Edgardo Jiménez López [email protected]
Los diputados son electos por el pueblo, pero no son escogidos por el pueblo, porque la famosa y beneficiosa “plancha” inventada por los políticos, les da la oportunidad de poner en la lista a los más “leales” a los que no tienen vergüenza, a los que no les importa la herencia moral que van a dejarle a sus hijos, al que doble el cuello, la cabeza y las rodillas ante el cacique que lo escogió para la bendita e infamante “plancha”.
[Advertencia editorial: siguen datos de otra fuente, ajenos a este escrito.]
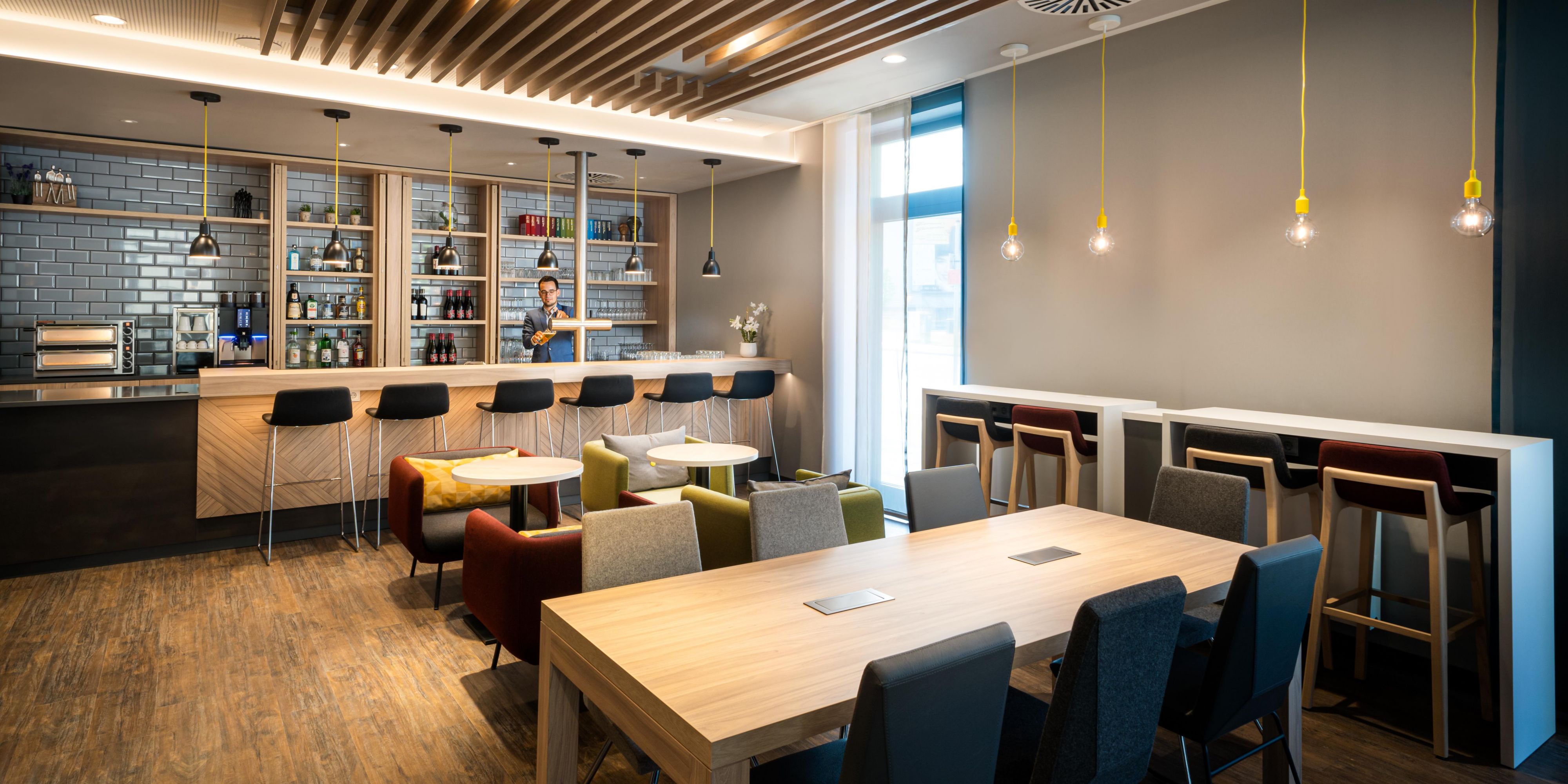 Hotel bars always have a special atmosphere. Whether alone or in company, they are a place to chill, to watch, to work. At the Express Café & Bar at the Holiday Inn Express Rosenheim, we want you to feel comfortable and taken care of at all times. When you want to call it a day after a business meeting, grab a pizza or other snack. Want to wrap up your explorations with a chat and a drink? Order a local beer or wine or lemonade. Unwind and then appreciate the proximity of your cozy room.

Entonces… qué puede esperar el pueblo de estos señores, ¡a los que les pagamos buenos sueldos por no hacer nada, a los que les damos prebendas de vehículos, viajes, dinero para quedar bien y otras bellezas! …, nada bueno.
Por eso vemos y escuchamos en los medios de comunicación, como los flamantes diputados defienden a capa y espada a sus amos, los caciques.
¿Cuándo iremos a elegir a nuestros diputados uninominalmente? ¿escoger a las personas que conocemos, que viven en nuestro barrio o comunidad, que son honestas y honradas y que sabemos que van a una asamblea a representarnos dignamente?
Si Dios quiere y el pueblo con su presencia lo exige, creo que muy pronto.